→ **Instructions to follow**
Look through the records below for the line with "Материалы для презентации". Return that line and each one after it up to and including the line with "Pedras, cristais e", exactly.

→ **Supplied records**
——

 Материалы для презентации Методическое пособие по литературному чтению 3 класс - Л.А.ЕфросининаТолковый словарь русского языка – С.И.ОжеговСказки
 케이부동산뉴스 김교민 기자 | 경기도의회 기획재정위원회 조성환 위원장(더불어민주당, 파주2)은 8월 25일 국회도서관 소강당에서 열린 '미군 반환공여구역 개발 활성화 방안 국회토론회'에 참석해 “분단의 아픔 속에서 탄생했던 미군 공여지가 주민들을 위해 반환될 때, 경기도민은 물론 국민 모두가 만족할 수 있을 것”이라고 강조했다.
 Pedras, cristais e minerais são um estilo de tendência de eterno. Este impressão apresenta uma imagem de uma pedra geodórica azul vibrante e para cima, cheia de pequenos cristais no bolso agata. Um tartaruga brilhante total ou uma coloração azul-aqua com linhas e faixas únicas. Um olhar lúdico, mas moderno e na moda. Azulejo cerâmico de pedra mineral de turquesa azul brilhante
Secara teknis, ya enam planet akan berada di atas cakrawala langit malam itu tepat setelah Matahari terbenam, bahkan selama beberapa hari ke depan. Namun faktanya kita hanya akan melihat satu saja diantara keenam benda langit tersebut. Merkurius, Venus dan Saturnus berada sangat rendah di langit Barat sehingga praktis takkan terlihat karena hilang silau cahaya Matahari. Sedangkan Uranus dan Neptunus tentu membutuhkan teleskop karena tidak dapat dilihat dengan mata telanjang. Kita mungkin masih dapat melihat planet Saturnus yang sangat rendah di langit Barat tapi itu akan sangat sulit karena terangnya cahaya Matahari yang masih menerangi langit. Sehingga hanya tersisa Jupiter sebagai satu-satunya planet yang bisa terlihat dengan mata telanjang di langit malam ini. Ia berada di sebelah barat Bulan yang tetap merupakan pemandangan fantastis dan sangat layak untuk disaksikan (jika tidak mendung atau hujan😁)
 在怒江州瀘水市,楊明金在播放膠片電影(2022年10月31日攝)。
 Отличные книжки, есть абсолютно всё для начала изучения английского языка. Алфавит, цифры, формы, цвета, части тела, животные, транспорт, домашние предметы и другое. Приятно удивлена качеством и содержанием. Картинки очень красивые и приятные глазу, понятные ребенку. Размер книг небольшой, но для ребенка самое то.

——

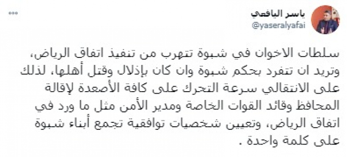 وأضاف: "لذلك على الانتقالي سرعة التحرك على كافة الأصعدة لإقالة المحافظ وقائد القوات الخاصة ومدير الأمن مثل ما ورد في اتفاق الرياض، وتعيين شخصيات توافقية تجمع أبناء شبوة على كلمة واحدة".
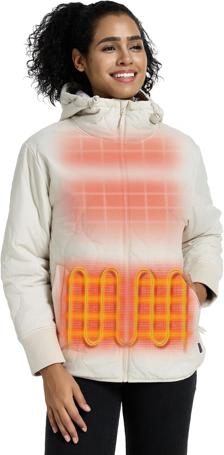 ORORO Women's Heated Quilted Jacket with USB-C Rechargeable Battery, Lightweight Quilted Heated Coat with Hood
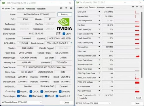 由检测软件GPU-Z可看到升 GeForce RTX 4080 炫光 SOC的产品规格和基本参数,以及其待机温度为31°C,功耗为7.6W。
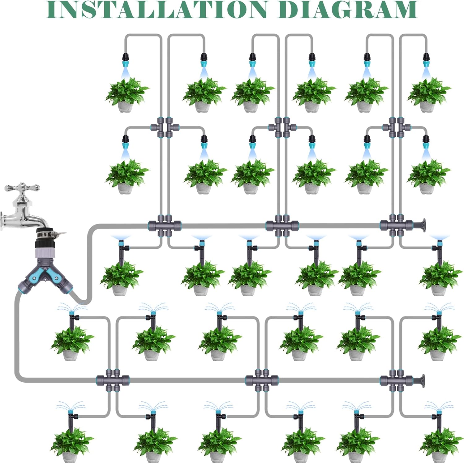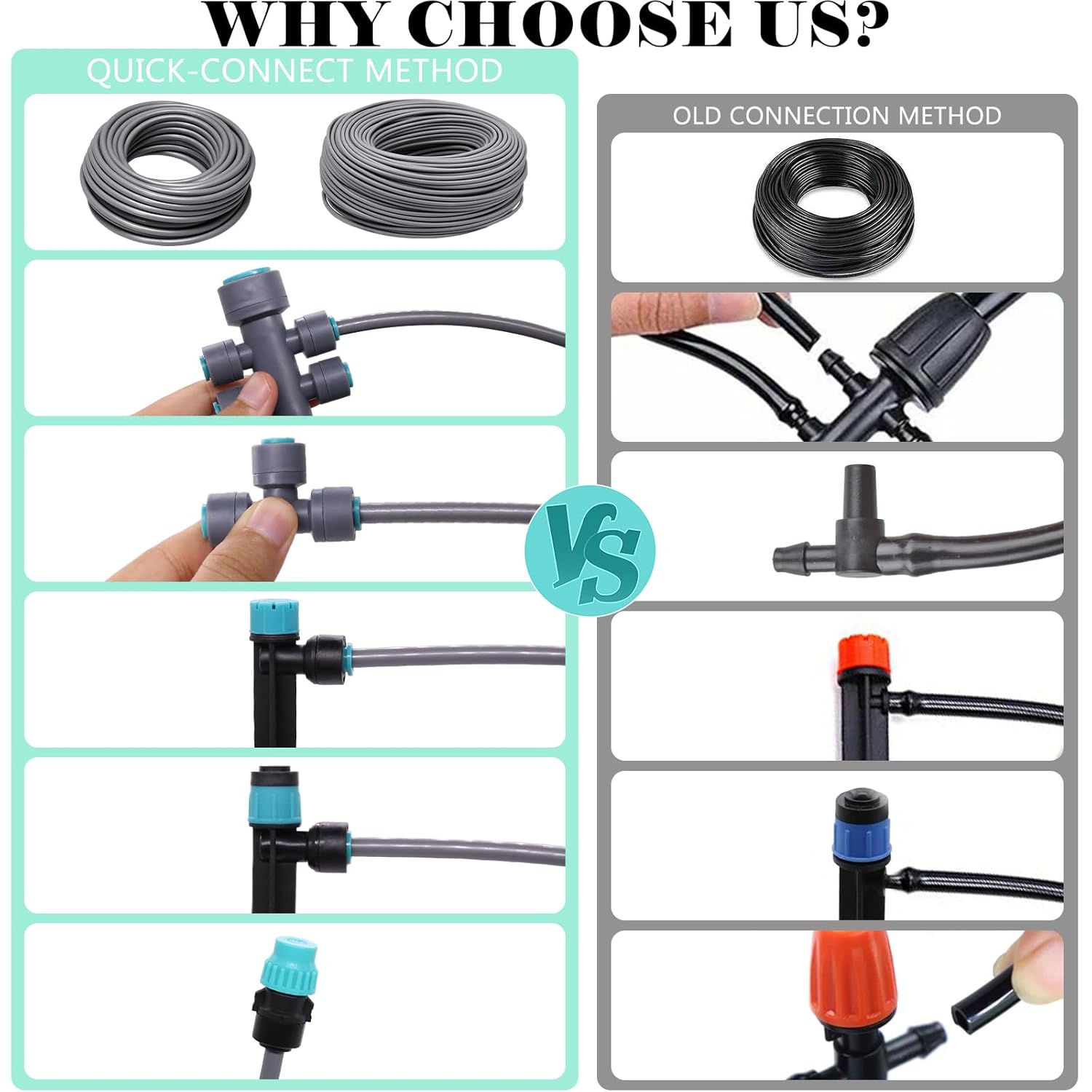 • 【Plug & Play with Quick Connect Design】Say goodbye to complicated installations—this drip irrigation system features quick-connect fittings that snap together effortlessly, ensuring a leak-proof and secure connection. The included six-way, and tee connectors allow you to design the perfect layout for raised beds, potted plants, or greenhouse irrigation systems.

——

→ **Solved problem**
 Материалы для презентации Методическое пособие по литературному чтению 3 класс - Л.А.ЕфросининаТолковый словарь русского языка – С.И.ОжеговСказки
 케이부동산뉴스 김교민 기자 | 경기도의회 기획재정위원회 조성환 위원장(더불어민주당, 파주2)은 8월 25일 국회도서관 소강당에서 열린 '미군 반환공여구역 개발 활성화 방안 국회토론회'에 참석해 “분단의 아픔 속에서 탄생했던 미군 공여지가 주민들을 위해 반환될 때, 경기도민은 물론 국민 모두가 만족할 수 있을 것”이라고 강조했다.
 Pedras, cristais e minerais são um estilo de tendência de eterno. Este impressão apresenta uma imagem de uma pedra geodórica azul vibrante e para cima, cheia de pequenos cristais no bolso agata. Um tartaruga brilhante total ou uma coloração azul-aqua com linhas e faixas únicas. Um olhar lúdico, mas moderno e na moda. Azulejo cerâmico de pedra mineral de turquesa azul brilhante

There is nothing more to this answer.